Nous assistons, d’une part, au développement, et même à un développement considérable, de l’opposition syndicale. Dans les syndicats, l’opposition de gauche, le mouvement minoritaire se renforce. Nous voyons, en outre, comment à l’intérieur des partis social-démocrates le mouvement de l’aile gauche contre les chefs, et même contre les chefs de gauche, s’accroît. Nous voyons comment, sous la pression des masses, les chefs de gauche sont poussés à des actes tels que la scission du parti (comme c’est le cas, par exemple, en Saxe où les social-démocrates de gauche se sont emparés de la majorité et ont exclu du parti les social-démocrates de droite, dont la politique est analogue à celle du Comité Central du parti. Ces leaders de gauche sont d’incroyables charlatans politiques, mais la masse, qui exerce une pression sur eux, incarne le processus d’orientation générale à gauche. Telle est la seconde forme de cette nouvelle orientation. La troisième est le développement de toutes sortes d’associations radicales. Par exemple, l’Association des Combattants Rouges, qui jouit d’une popularité considérable dans le pays, dont les adhérents se composent dans une proportion considérable de sans-parti et même d’ouvriers social-démocrates. Nous assistons également à une forme analogue d’orientation à gauche en Italie. Ce mouvement s’étend même aux ouvriers catholiques. C’est ainsi qu’on a décidé l’envoi de délégations d’ouvriers catholiques dans l’Union Soviétiste malgré l’opposition du Vatican. Enfin, cette orientation de gauche se manifeste également à l’intérieur de partis, tels que le parti du Centre en Allemagne, le Parti catholique en Italie, etc.

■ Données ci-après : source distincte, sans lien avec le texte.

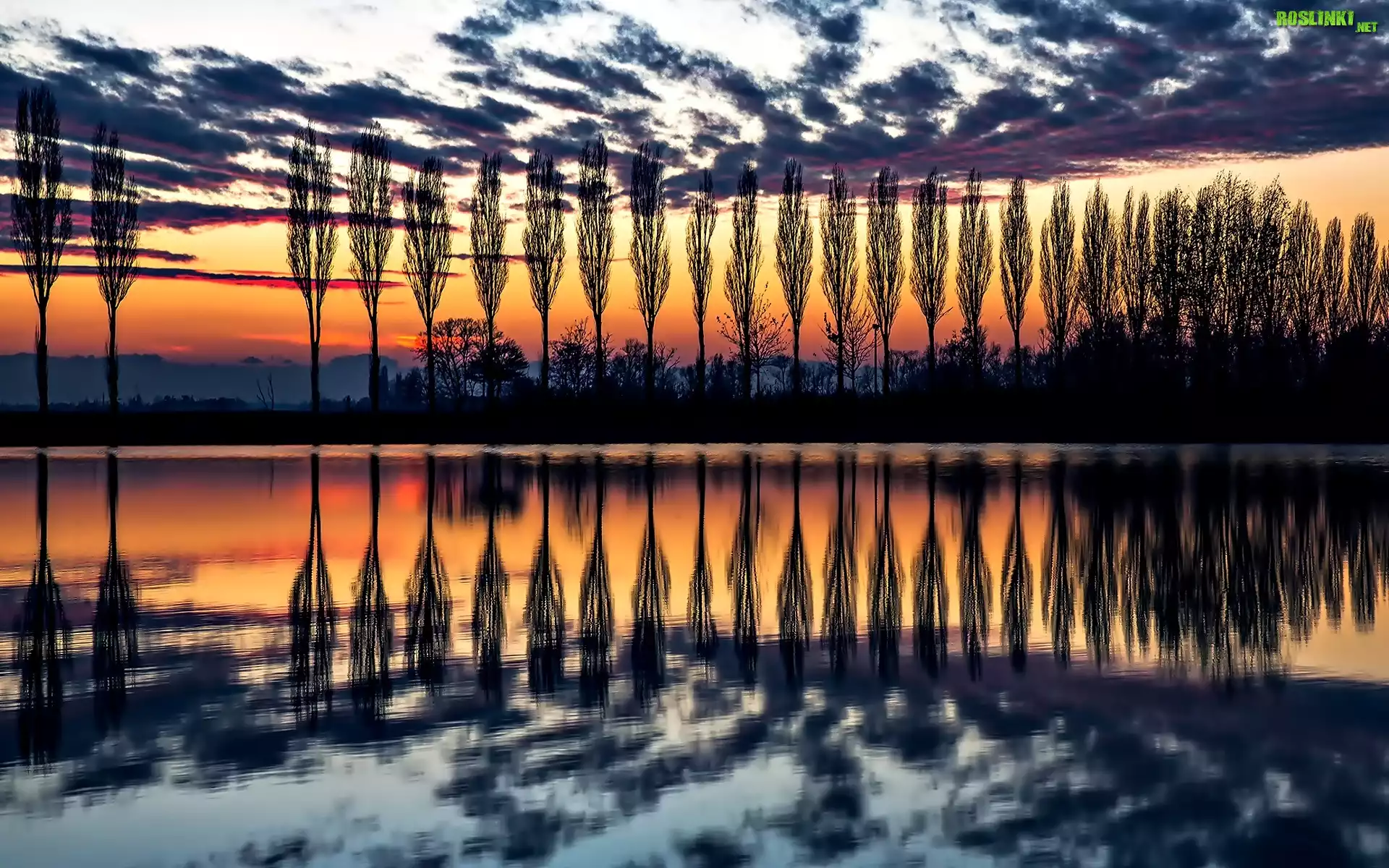 Rośliny: Zachód Słońca, Jezioro, Drzewa, Odbicie
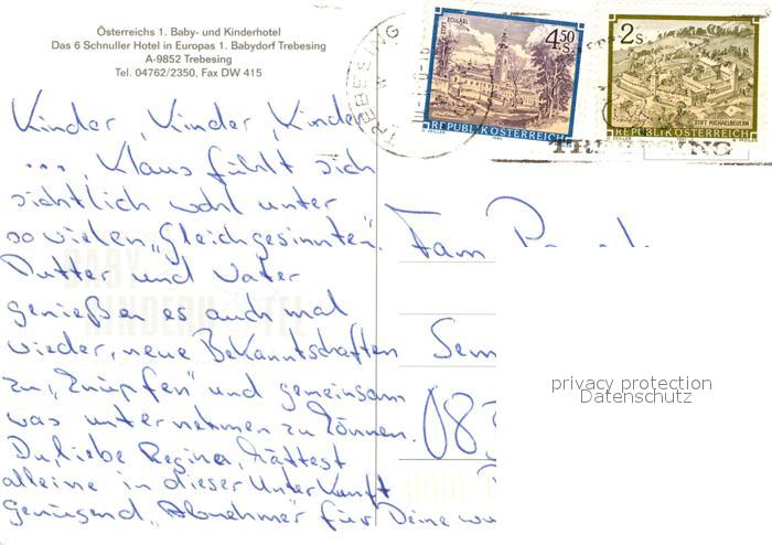 73112056 alte Postkarte Trebesing Baby Kinderhotel postalisch gelaufen Erhaltung siehe scans [NatalD47] KatCode: 11390212020638

En ce qui concerne les délégations ouvrières qui visitent l’Union Soviétiste, je dois dire que nous avons déjà oublié l’importance considérable des nombreuses délégations qui nous ont visitées ces derniers temps. Nous sommes déjà habitués à elles. Les premières délégations, nous les avons reçues avec une grande solennité, puis les suivantes ont été reçues de moins en moins solennellement, du fait qu’il y en avait une grande quantité et que nous ne pouvions pas tous les jours recevoir solennellement de nouvelles délégations, et telle est la situation considérée de notre point de vue. Mais qu’en est-il si nous considérons la situation du point de vue des ouvriers des pays de l’Europe Occidentale ? Ces délégations ne sont pas composées de touristes qui viennent nous visiter, pour s’en aller ensuite. Elles sont nommées, dans la majorité des cas, par de grandes assemblées ouvrières. Dans la majorité des cas, ces délégués reçoivent des directives spéciales de leurs mandants. Les rapports de ces délégués, à leur retour, ont une importance considérable, et le nombre des délégations comprend déjà plusieurs dizaines.
Ces faits, qui expriment le processus d’orientation générale à gauche de la classe ouvrière, constitue la réponse à la stabilisation capitaliste. Cette réponse est, naturellement, différente selon les pays.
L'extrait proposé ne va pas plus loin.